Una scuola cristiana nella provincia di Henan è stata chiusa dalle autorità  dopo alcune accuse che l’istituzione promuoveva un “lavaggio celebrare” ai suoi alunni.

La Cina Aid, organizzazione che ha monitorato le violazione della libertà religiosa in terra cinese, ha informato che gli officiali di sicurezza sono arrivati alla casa di una cristiana a Giugno e hanno confiscato i suoi libri che venivano utilizzati per insegnare la Bibbia ai bambini.

La donna, identificata nella intervista solo come Signora Zhu, ha detto alla Cina Aid che intorno a Settembre gli ufficiali hanno confiscato tutto ciò che possedeva alla chiesa, i quali funzionavano nella sua casa, incluindo il computer, prima di proibere che lei continuasse con le sue lezione. La giustificazione data dagli officiali è che Zhu stava impondo la religione, in un sistema di indottrinamento proibito dal regime comunista.

Il governo cinese recentemente continua intensificando la sua repressione al cristianesimo e ha creato nuove restrizione ai bambini che frequentano gli eventi religiosi. Il nuovo Regolamento Sugli Argomenti Religiosi, che dovranno entrare in vigore all’inizio del prossimo anno tornerà praticamente impossibile che i minori di 18 anni abbiano contato con qualsiasi manifestazione religiosa.

A Luglio, il Comitato del Movimento Patriottico di Henan aveva già proibito le chiese di organizzare accampamenti e dei ritiri spirituali per minori d’età ed studenti. Nuove proibizioni furono imposte, colpendo anche gli studenti stranieri di partecipare alle attività religiose nelle università di Henan. Questo include qualsiasi tipo d’incontro nel campus, includendo i culti, momenti di lode o predicazione.
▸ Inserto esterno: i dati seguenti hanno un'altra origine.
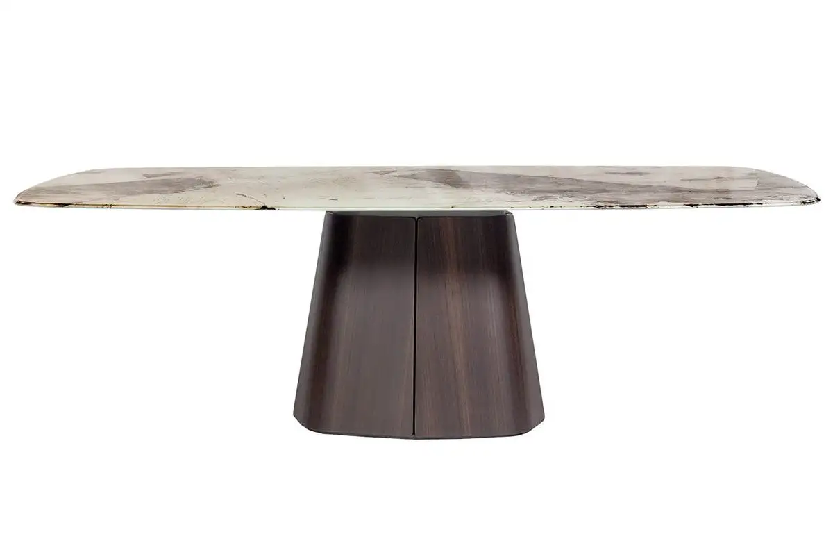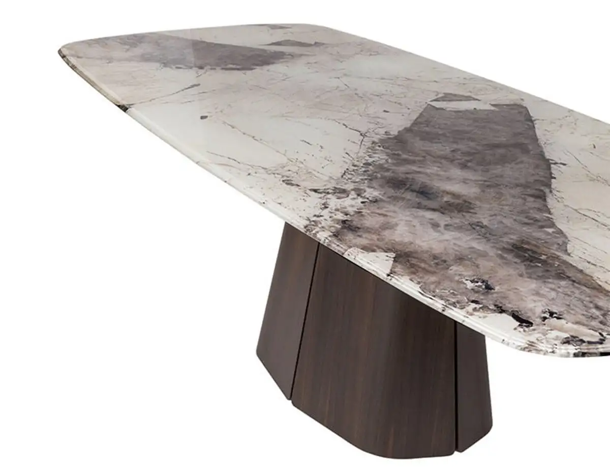 Η τραπεζαρία el-it gl 001 έχει βάση από δύο καμπύλα κόντρα πλακέ θαλάσσης και μέταλλο. Το καπάκι είναι ένα διακοσμητικό λοξότμητο γυαλί 12mm.

La Cina Aid ha affermato che queste nuove leggi che proibiscono la manifestazione religiosa violano l’articolo 36 della Costituzione cinese. Ma la missione riconosce che molto più di ciò che le autorità mettono sul foglio è soltanto per dare al resto del mondo una falsa impressione di libertà, qualcosa che non è mai stato il forte del regime comunista, nel potere dal 1949. Con informazione Christian Times!